In recent yeats neural networks and deep learning has re-emerged as a dominant technology for natural language processing (NLP), image analysis and reinforcement learning. The majority of applications use feed-forward neural network architectures such as convolutional neural networks and transformers. In this chapter we will focus on the feed-forward neural networks and their applications to regression and classification problems. We will also discuss the computational aspects of deep learning and its implementation in R and Python.

21.1 Introduction

Our goal is to provide a review of deep learning methods which provide insight into structured high-dimensional data. Rather than using shallow additive architectures common to most statistical models, deep learning uses layers of semi-affine input transformations to provide a predictive rule. Applying these layers of transformations leads to a set of attributes (or, features) to which probabilistic statistical methods can be applied. Thus, the best of both worlds can be achieved: scalable prediction rules fortified with uncertainty quantification, where sparse regularization finds the features.

Deep learning is one of the widely used machine learning method for analysis of large scale and high-dimensional data sets. Large-scale means that we have many samples (observations) and high dimensional means that each sample is a vector with many entries, usually hundreds and up.
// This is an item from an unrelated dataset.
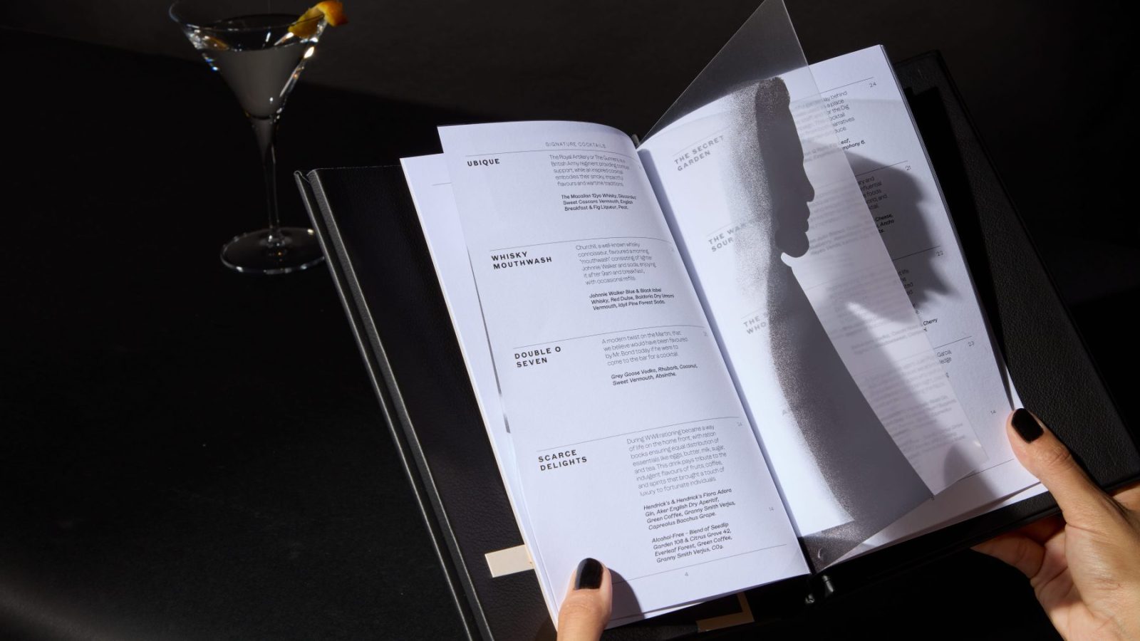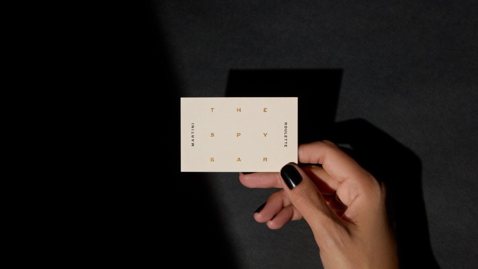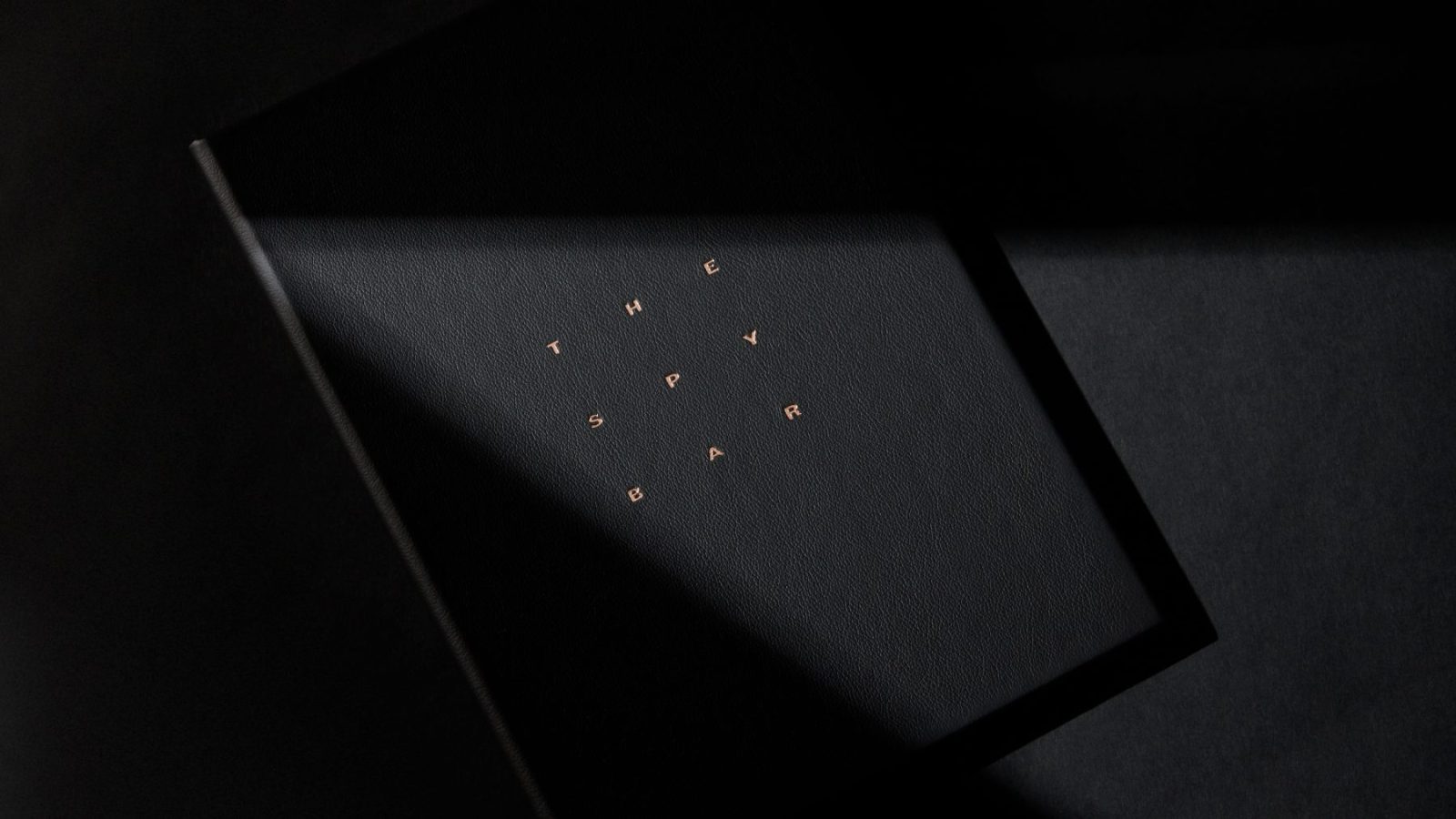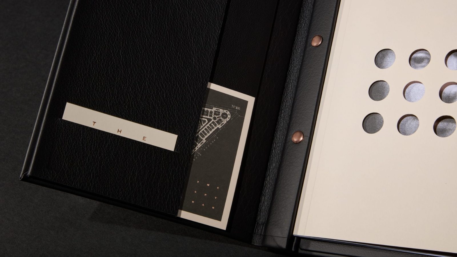 In its secret subterranean location, is The Spy Bar. The branding reflects both the real and fictional espionage associations of the building, employing a geometric word-mark typeset in 1906 Bold, paired in black and rose gold in homage to 007’s Vesper Lynd, and menus that unfold like classified dossiers complete with pockets, a blackout-cut front page and martini roulette card invoking Christine Granville, Britain’s longest-serving spy.

Machine learning is the engineer’s version of statistical data analysis. Major difference between ML and statistics is that ML focuses on practical aspects, such as computational efficiency and ease of use of techniques. While statistical analysis is more concerned with rigorousness of the analysis and interpretability of the results.

Deep learning provides a powerful pattern matching tool suitable for many AI applications. Image recognition and text analysis are probably two of the deep learning’s most successful. From a computational perspective, you can think of an image or a text as a high dimensional matrices and vectors, respectively. The problem of recognizing objects in images or translating a text requires designing complex decision boundaries in the high dimensional space of inputs.

Although, image analysis and natural language processing are the applications where deep learning is the dominating approach, more traditional engineering and science applications, such as spatio-temporal and financial analysis is where DL also showed superior performance compared to traditional statistical learning techniques (N. Polson, Sokolov, and Xu 2021; Nicholas G. Polson, Sokolov, et al. 2017; Dixon, Polson, and Sokolov 2019; Sokolov 2017; Bhadra et al. 2021, 2021; Behnia, Karbowski, and Sokolov 2021; Nareklishvili, Polson, and Sokolov 2022, 2023b, 2023a; Nicholas G. Polson and Sokolov 2023; N. Polson and Sokolov 2020)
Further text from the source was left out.